A previous attempt to build a memorial church at Valley Forge had been launched in 1885 by  Baptist minister James M. Guthrie, who raised funds and began building before running out of funds.

On June 19, 1903, the 125th anniversary of the evacuation of the Continental Army from Valley Forge, the cornerstone was laid on property donated by the I. Heston Todd family. A small wood-framed building nearby preceded the present structure. Following President Theodore Roosevelt's visit to the site and address in 1904, the original wooden building was named the "Theodore Roosevelt Chapel." It was demolished after completion of the present chapel.

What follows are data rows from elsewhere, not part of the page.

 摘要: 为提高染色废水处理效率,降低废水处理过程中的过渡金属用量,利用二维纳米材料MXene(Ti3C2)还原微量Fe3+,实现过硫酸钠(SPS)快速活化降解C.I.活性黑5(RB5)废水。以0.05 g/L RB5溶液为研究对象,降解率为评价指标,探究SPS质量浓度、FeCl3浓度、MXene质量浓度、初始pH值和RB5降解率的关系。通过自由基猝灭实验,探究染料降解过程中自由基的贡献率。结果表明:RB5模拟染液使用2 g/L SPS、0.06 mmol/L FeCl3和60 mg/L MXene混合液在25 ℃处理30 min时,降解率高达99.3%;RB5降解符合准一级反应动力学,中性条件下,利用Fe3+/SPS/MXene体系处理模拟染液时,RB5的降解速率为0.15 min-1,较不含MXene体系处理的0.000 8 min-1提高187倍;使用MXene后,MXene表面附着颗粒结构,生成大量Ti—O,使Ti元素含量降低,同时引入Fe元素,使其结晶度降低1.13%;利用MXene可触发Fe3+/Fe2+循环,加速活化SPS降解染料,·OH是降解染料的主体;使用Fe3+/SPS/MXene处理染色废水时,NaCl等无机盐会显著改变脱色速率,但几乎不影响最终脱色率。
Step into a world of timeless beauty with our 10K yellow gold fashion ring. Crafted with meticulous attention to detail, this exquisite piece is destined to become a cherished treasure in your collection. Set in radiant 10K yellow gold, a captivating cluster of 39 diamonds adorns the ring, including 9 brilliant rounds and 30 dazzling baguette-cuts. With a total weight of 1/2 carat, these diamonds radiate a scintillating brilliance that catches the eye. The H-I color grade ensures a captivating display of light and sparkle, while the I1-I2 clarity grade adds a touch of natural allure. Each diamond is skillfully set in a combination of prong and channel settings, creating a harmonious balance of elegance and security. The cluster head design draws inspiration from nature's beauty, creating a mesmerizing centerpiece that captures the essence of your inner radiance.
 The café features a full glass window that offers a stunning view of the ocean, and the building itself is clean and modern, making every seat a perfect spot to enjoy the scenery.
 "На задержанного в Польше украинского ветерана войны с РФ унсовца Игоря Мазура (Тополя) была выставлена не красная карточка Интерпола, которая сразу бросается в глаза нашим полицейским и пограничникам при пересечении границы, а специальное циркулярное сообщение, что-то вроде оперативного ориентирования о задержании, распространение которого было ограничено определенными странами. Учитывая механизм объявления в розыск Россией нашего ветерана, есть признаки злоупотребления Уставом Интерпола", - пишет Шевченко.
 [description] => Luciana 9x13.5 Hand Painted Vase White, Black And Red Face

The Chapel's exterior was completed in 1917 and its interior in 1921. It serves as a wayside chapel to those who visit Valley Forge National Historical Park, and is open to the public.

Noted ironsmith Samuel Yellin produced the wrought iron gates, hardware, and locks. He was one of many artisans to produce sculptures, stonework, stained glass and metal work. The interior woodwork was supplied by Belgian-American cabinetmaker Edward Maene (1852–1931).

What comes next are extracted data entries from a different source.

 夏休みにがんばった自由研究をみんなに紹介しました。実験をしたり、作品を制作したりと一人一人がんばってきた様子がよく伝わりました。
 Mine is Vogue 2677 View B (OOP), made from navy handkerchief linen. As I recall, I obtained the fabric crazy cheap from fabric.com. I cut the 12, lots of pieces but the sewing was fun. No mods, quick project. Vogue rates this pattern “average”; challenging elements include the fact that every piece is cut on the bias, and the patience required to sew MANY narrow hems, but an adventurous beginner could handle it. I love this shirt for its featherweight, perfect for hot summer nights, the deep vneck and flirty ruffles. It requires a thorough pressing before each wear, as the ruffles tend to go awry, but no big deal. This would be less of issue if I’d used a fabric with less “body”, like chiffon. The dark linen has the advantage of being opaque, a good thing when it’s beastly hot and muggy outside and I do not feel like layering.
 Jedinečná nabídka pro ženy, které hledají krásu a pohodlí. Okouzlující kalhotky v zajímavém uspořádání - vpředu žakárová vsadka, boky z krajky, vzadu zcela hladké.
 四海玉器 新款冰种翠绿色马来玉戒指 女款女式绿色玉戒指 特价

From the visitor's perspective the Chapel, with its central location, can appear to be a part of the park.  However, the Chapel and surrounding property belong to the Episcopal Church. Across Valley Forge Park Road (formerly, Port Kennedy Road), standing opposite from the Chapel, is the builder's model of the Washington Monument. This obelisk marks the grave of Lieutenant John Waterman. The original Waterman gravestone had been on display in the visitor's center museum. The Bell Tower houses the DAR Patriot Rolls, listing those that served in the Revolutionary War, and the Chapel grounds hosted the World of Scouting Museum until ca. 2013.

National Patriots Bell Tower and Carillon

The National Patriots Bell Tower was a later addition to the Chapel, and houses its carillon.  The  tower was built entirely with funds raised by members of the National Society of the Daughters of the American Revolution (DAR) over a period of more than a decade. Construction began in 1941, but was suspended due to World War II, and restarted in 1949. The bell tower was completed and dedicated in 1953.

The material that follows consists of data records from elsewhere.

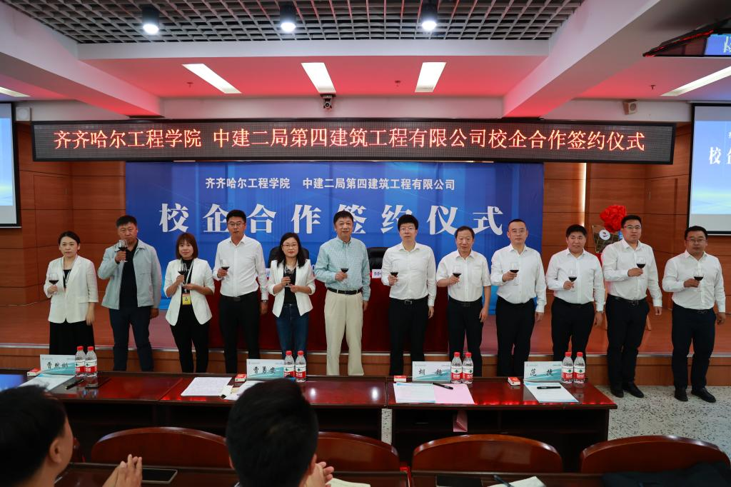 曹理事长指出,中建二局第四建筑工程有限公司以其多样化的经营模式走在了施工企业的前列,成为建筑企业的领头羊,相信以此次产教融合实践基地建设为契机,今后在人才培养、队伍建设、技术创新、科学研究、实习就业等领域,双方将开展更广泛深入合作,实现教育链、人才链、产业链与创新链的无缝对接,发挥各自优势,互利合作,构建校企共赢的共同体,提升应用型人才培养质量。
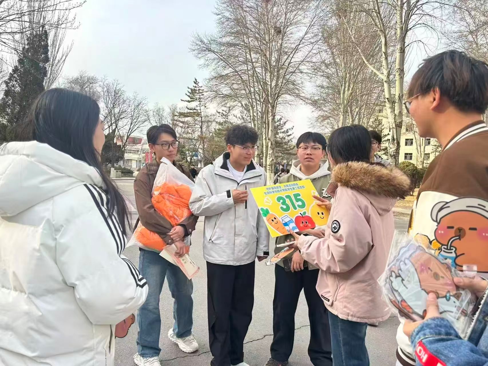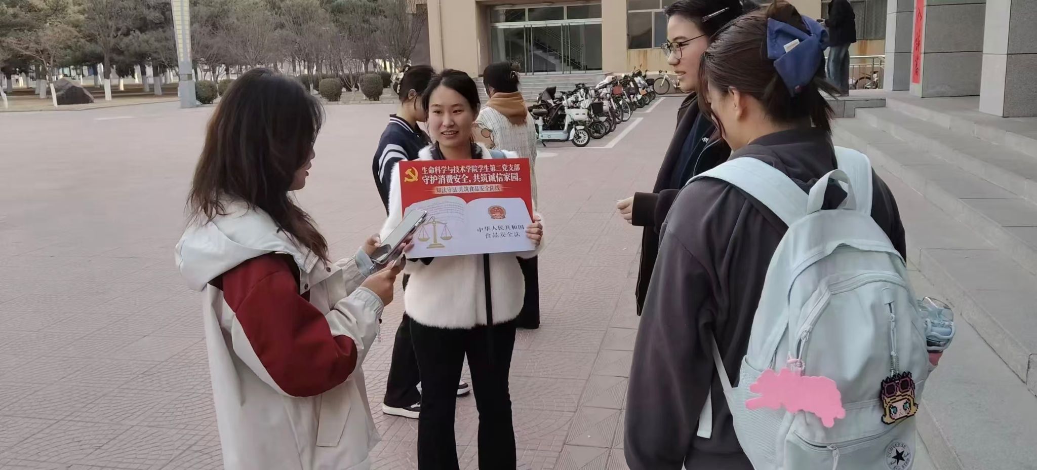 在实践宣传环节,支部党员分工协作,深入校园宿舍区、教学楼、图书馆等人流密集区域,通过面对面采访与趣味问答互动等形式开展宣传。围绕“隔夜菜能吃吗?”“无糖食品真的不含糖吗?”等贴近生活的问题,党员们向同学们普及食品安全基本常识、食品添加剂相关知识及维权途径,并现场答疑解惑,切实提升同学们的食品安全意识与自我保护能力。活动现场气氛热烈,同学们积极参与,纷纷表示收获颇丰。
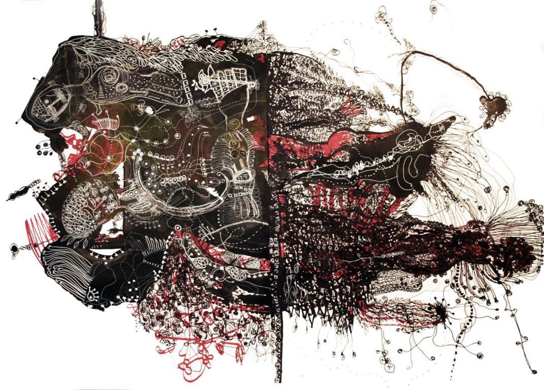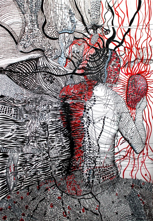Sprache der Seele / What it feels..., Zeichnung auf Papier, 40 x 60 cm |
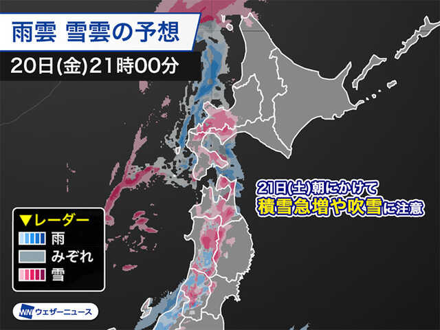 明日21日(土)朝にかけて局地的に雪が強まり、積雪が増加するおそれがあります。
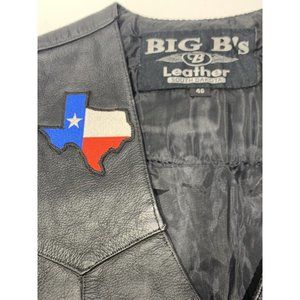 BIG B's Black Leather Vest Motorcycle Western 46 Harley Davidson Mason Patch

The Justice Bell (Women's Liberty Bell) is on permanent display in the bell tower chamber. It was forged in 1915 as a nearly identical replica of the Liberty Bell, and became an instrumental symbol of the Women's Suffrage movement. In 1920, after touring many parts of the country to promote the passing of the 19th Amendment, the bell was stored on the grounds of Valley Forge National Park before being permanently moved to the bell tower chamber in 1943.

The bell tower contains a traditional carillon, with a keyboard of 58 bells. The first 14 bells (from the Meneely Bell Foundry) were installed in a temporary wooden tower in 1926, and the number of bells expanded over the course of three decades. Fifty-six bells were installed in the bell tower in 1953, and expanded to 58 bells in 1963 with two bells from the Fonderie Paccard in France.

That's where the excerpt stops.